Transition fibres (TFs), together with the transition zone (TZ), are basal ciliary structures thought to be crucial for cilium biogenesis and function by acting as a ciliary gate to regulate selective protein entry and exit. Here we demonstrate that the centriolar and basal body protein HYLS-1, the C. elegans orthologue of hydrolethalus syndrome protein 1, is required for TF formation, TZ organization and ciliary gating. Loss of HYLS-1 compromises the docking and entry of intraflagellar transport (IFT) particles, ciliary gating for both membrane and soluble proteins, and axoneme assembly. Additional depletion of the TF component DYF-19 in hyls-1 mutants further exacerbates TZ anomalies and completely abrogates ciliogenesis.

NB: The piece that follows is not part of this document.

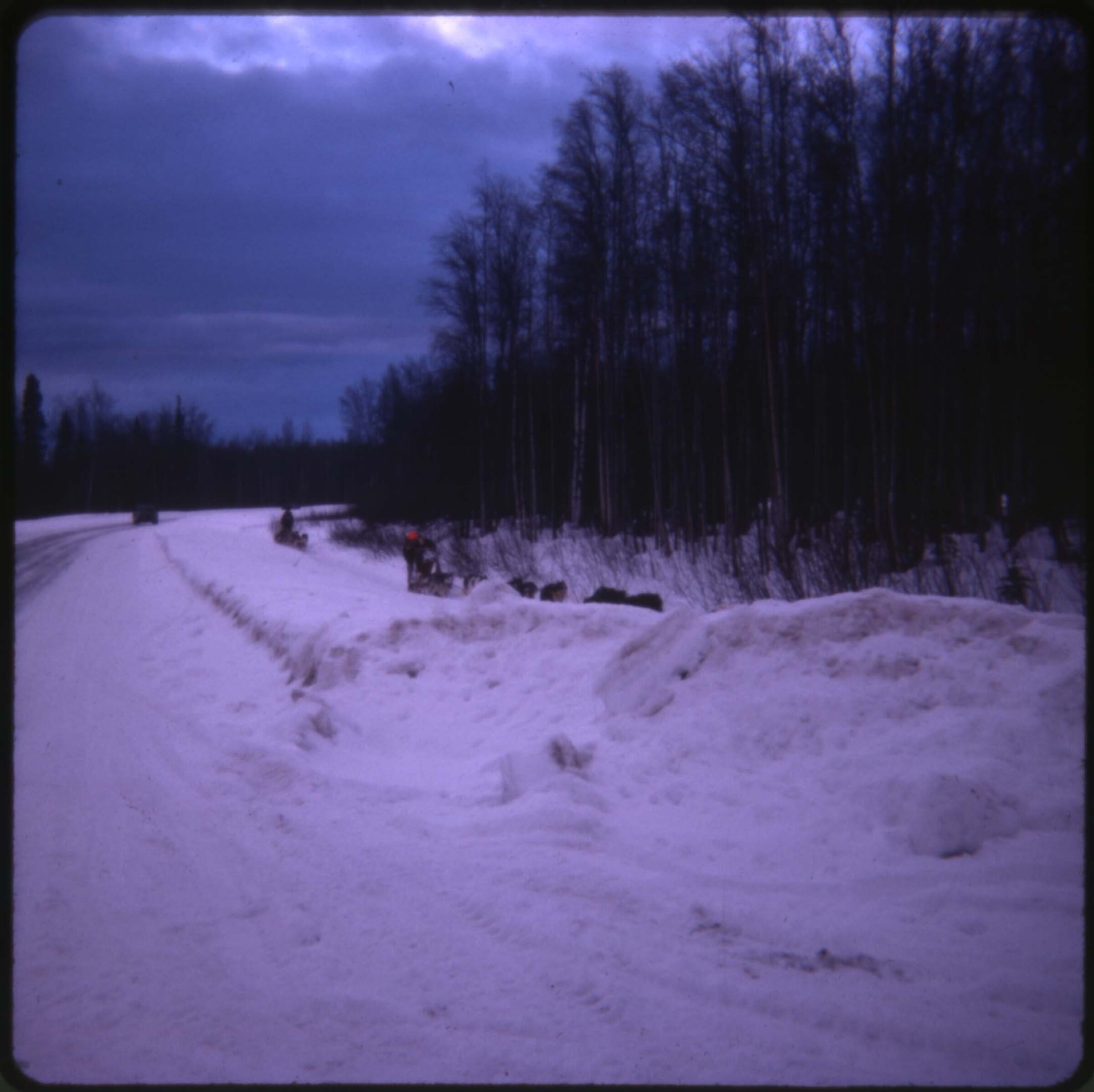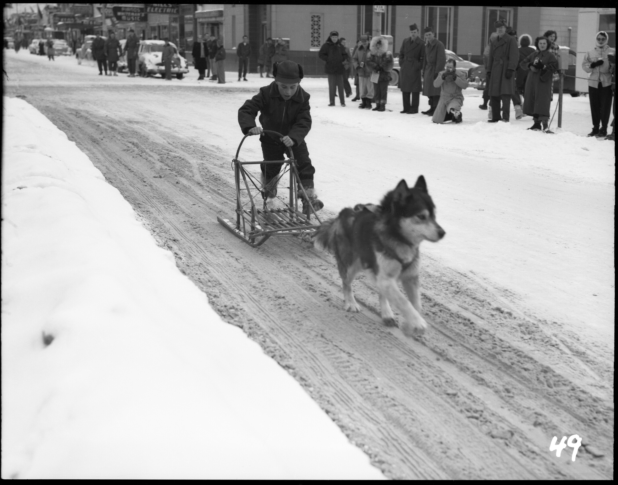 49 (Fur Rendezvous, Last Day of Big Races, 1954) [young boy driving single-dog sled down Fourth Avenue past spectators, sign for Bill's Electric in background]

Our data support an important role for HYLS-1 and TFs in establishment of the ciliary gate and underline the importance of selective protein entry for cilia assembly.

Suggested Citation

  • Qing Wei & Yingyi Zhang & Clementine Schouteden & Yuxia Zhang & Qing Zhang & Jinhong Dong & Veronika Wonesch & Kun Ling & Alexander Dammermann & Jinghua Hu, 2016. "The hydrolethalus syndrome protein HYLS-1 regulates formation of the ciliary gate," Nature Communications, Nature, vol. 7(1), pages 1-10, November.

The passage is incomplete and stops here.